>>>

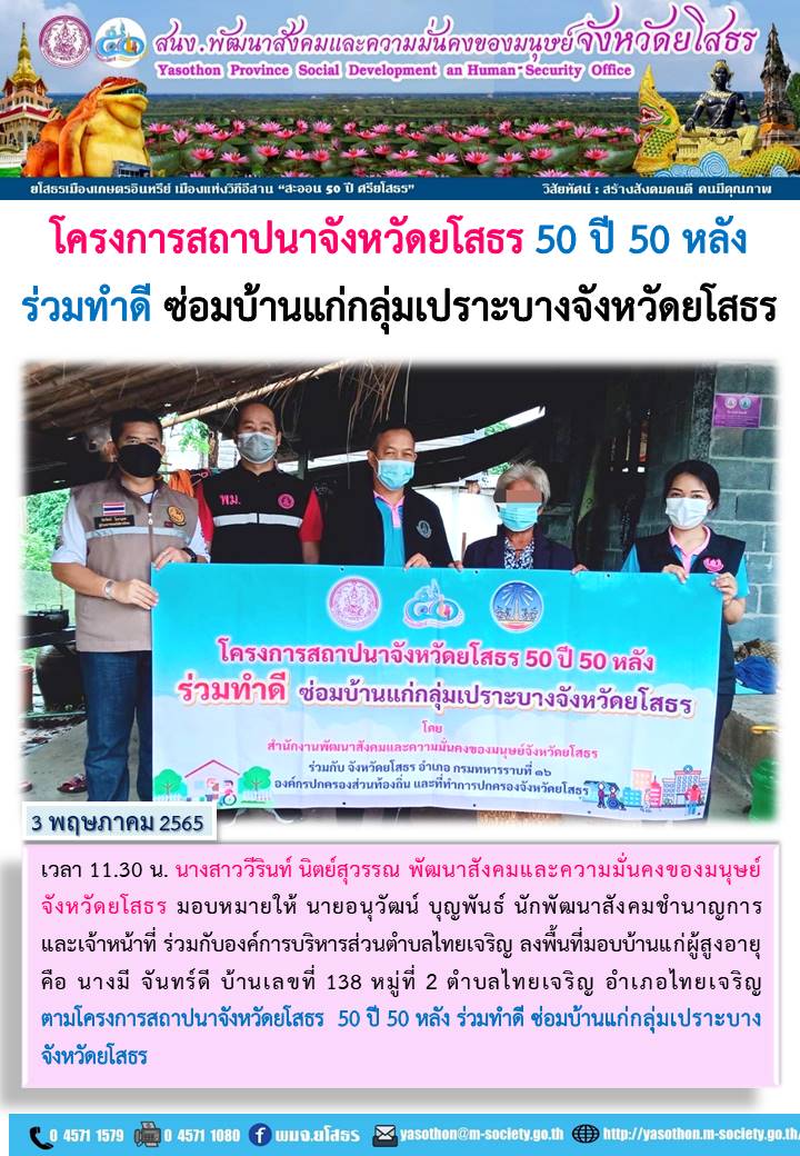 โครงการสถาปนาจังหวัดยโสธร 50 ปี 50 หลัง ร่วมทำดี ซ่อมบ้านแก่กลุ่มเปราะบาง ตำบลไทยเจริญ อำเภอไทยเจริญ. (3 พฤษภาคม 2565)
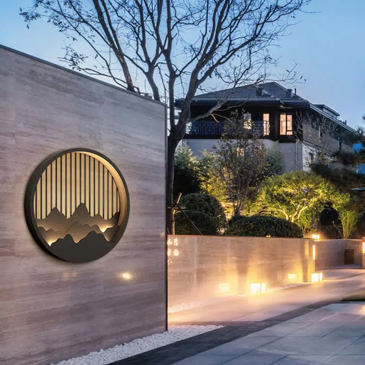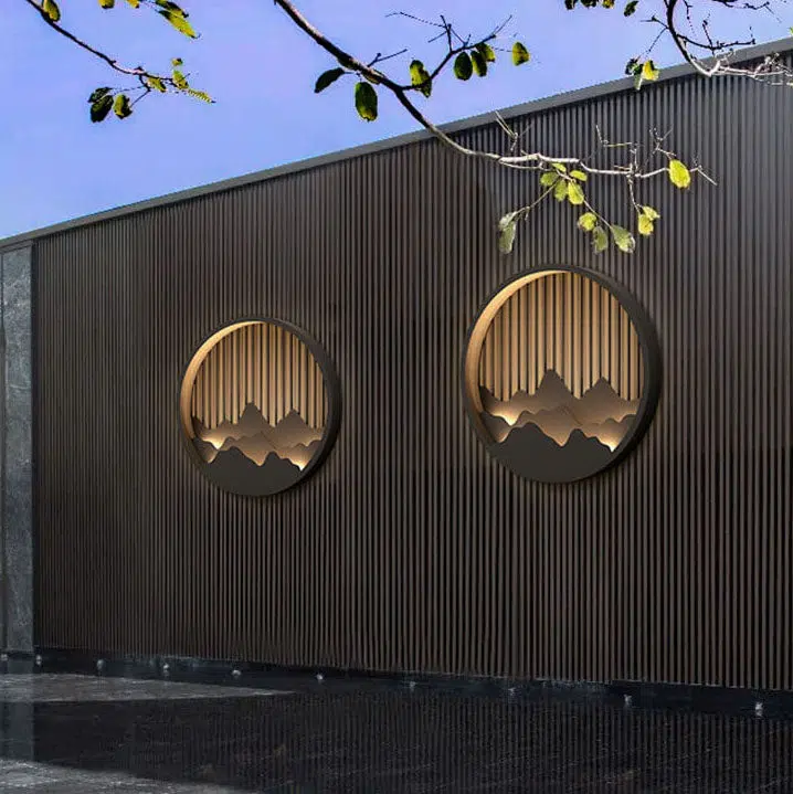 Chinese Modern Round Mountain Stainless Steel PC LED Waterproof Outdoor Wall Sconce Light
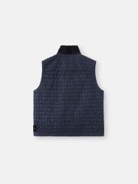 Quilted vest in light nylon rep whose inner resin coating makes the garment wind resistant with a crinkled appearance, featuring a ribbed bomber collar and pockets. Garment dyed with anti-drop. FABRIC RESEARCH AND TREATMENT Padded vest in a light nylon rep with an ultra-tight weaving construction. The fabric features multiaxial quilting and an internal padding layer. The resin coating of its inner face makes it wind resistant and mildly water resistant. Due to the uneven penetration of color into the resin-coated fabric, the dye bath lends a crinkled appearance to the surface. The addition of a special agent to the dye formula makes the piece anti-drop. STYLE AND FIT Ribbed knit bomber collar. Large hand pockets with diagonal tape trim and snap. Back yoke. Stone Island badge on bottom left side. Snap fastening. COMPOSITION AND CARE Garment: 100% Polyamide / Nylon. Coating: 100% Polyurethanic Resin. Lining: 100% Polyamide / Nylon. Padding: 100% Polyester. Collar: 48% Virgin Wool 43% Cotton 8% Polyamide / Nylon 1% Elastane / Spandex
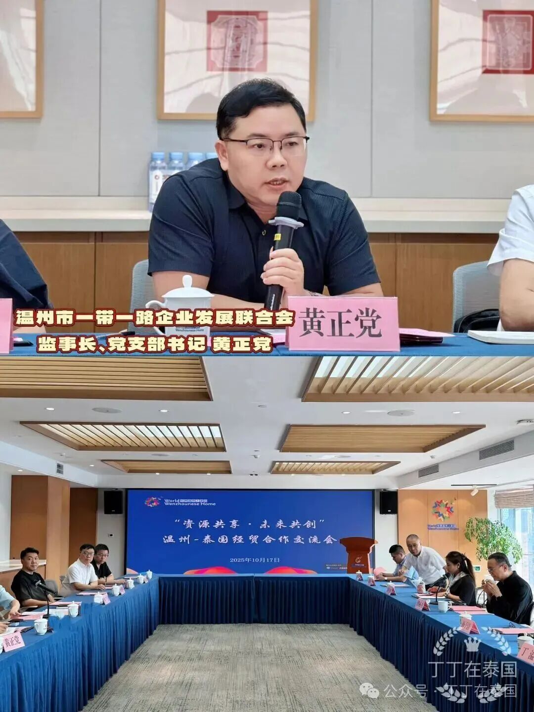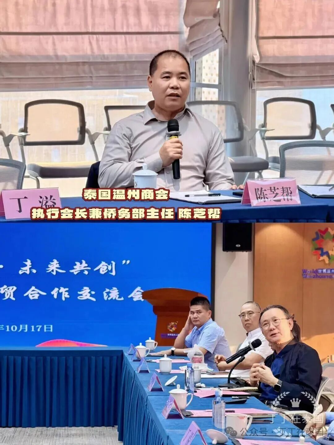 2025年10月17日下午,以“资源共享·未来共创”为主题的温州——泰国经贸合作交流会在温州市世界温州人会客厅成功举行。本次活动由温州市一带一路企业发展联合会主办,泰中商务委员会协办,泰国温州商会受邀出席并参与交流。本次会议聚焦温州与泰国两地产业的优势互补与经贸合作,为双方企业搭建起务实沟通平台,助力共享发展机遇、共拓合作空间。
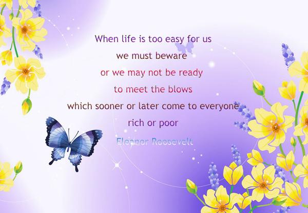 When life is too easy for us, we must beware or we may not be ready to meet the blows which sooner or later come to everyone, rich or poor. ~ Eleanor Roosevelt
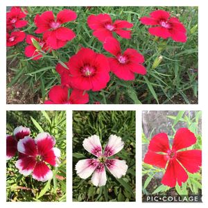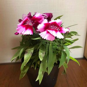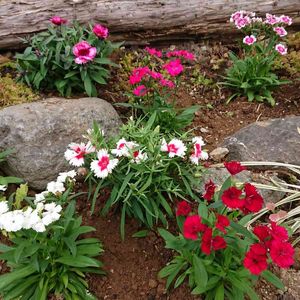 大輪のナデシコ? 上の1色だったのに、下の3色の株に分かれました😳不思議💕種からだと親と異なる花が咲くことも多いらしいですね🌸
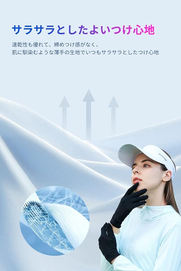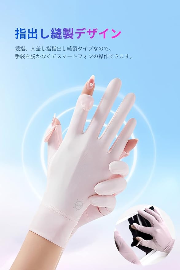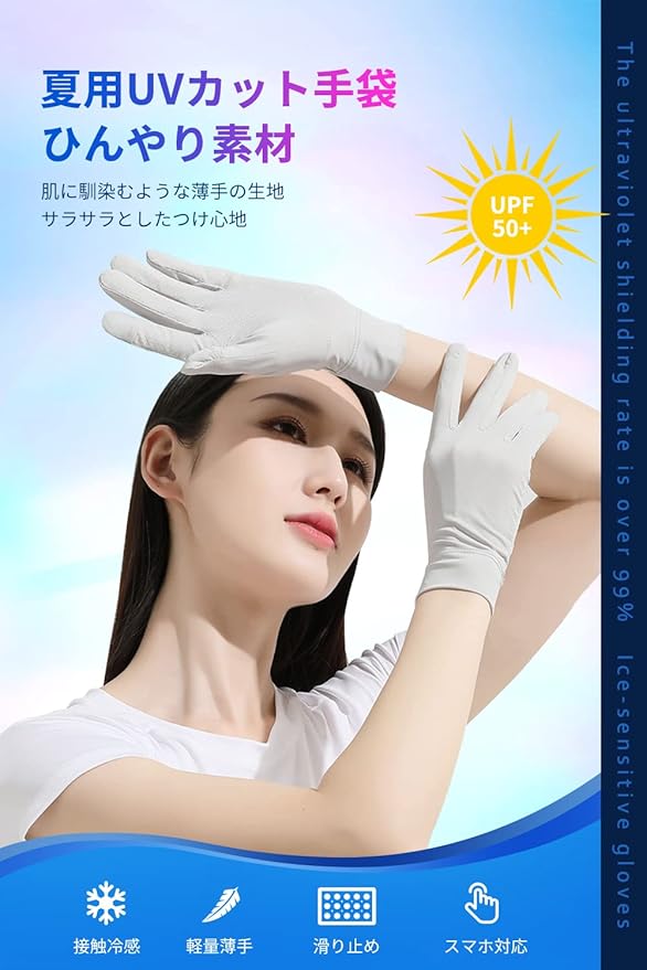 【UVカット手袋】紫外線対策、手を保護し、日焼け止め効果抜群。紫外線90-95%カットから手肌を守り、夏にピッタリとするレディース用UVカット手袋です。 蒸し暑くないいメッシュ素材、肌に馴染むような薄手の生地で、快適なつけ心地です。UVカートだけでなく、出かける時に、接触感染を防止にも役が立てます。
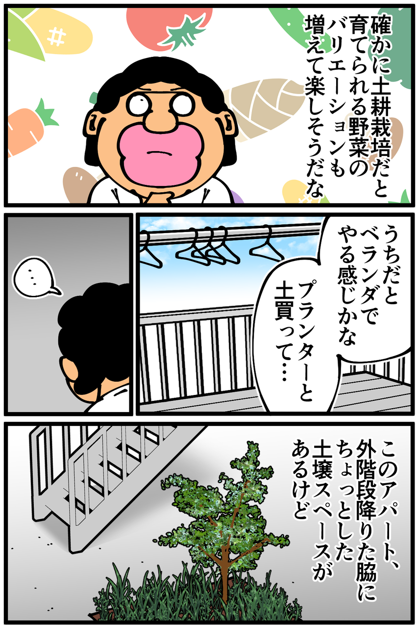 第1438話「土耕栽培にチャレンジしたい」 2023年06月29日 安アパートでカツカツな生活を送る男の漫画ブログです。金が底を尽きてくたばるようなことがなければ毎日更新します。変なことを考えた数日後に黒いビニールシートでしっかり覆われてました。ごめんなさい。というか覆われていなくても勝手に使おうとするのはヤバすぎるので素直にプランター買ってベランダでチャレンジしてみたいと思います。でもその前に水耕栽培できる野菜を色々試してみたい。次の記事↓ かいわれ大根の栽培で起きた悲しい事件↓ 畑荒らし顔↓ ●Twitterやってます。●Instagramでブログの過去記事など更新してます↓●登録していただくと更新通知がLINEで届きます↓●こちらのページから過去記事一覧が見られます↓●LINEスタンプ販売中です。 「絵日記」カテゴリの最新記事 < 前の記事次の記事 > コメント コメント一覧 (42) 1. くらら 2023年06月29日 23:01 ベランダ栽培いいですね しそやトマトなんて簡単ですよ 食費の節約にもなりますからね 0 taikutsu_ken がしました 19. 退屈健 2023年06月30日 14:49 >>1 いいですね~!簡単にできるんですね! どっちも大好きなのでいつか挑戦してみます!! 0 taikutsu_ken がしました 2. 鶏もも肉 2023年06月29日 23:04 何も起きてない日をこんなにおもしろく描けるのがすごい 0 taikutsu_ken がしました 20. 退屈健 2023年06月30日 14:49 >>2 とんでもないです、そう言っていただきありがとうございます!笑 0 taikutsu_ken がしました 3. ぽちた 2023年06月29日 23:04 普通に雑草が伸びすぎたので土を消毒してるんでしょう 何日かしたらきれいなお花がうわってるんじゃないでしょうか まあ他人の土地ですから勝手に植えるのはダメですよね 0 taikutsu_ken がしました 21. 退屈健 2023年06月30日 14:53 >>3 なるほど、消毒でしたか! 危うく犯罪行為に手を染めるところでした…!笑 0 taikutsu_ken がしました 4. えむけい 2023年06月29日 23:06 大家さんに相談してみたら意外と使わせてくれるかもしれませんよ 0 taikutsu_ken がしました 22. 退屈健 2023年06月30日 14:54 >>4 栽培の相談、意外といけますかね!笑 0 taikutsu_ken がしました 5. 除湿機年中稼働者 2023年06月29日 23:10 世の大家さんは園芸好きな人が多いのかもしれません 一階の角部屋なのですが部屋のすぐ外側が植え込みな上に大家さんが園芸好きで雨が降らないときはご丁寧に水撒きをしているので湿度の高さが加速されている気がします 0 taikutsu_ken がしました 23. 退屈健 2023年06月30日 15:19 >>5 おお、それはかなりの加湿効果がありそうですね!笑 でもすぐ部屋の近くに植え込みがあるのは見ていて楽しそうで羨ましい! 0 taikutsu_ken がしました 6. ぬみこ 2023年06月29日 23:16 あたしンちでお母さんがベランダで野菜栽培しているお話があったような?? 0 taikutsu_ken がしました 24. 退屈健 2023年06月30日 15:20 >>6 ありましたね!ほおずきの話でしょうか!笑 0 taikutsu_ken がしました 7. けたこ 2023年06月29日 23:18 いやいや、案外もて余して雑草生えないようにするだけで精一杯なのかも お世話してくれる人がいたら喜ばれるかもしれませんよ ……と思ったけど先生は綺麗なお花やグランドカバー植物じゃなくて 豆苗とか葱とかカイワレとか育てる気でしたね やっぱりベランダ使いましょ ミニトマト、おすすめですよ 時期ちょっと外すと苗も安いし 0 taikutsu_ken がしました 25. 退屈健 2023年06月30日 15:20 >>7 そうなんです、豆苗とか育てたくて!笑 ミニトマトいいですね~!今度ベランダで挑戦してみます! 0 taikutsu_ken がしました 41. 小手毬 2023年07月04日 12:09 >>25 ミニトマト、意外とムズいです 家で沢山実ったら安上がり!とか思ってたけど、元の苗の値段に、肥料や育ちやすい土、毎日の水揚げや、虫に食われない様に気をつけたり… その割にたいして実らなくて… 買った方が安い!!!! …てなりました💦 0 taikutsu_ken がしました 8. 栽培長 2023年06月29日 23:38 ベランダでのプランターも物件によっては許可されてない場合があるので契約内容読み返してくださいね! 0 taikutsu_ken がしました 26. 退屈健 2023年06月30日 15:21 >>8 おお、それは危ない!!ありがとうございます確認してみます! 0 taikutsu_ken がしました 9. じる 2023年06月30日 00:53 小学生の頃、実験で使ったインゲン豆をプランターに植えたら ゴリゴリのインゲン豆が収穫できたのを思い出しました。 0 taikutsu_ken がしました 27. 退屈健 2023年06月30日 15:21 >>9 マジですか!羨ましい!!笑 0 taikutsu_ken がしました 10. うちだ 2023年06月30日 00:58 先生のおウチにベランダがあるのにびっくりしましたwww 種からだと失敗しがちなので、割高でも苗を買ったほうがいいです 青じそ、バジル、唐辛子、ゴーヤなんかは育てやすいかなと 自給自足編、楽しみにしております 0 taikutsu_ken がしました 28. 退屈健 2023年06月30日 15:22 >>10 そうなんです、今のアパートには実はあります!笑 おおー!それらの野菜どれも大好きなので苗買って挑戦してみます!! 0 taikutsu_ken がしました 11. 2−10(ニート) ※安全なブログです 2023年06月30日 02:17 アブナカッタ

<<<

- _WORK ITEM_:
The answer is to be the lines of the listing from the first through the one with "Chinese Modern Round", reproduced exactly, without any pictures.

- _RESULT FOR THIS TASK_:
 โครงการสถาปนาจังหวัดยโสธร 50 ปี 50 หลัง ร่วมทำดี ซ่อมบ้านแก่กลุ่มเปราะบาง ตำบลไทยเจริญ อำเภอไทยเจริญ. (3 พฤษภาคม 2565)
 Chinese Modern Round Mountain Stainless Steel PC LED Waterproof Outdoor Wall Sconce Light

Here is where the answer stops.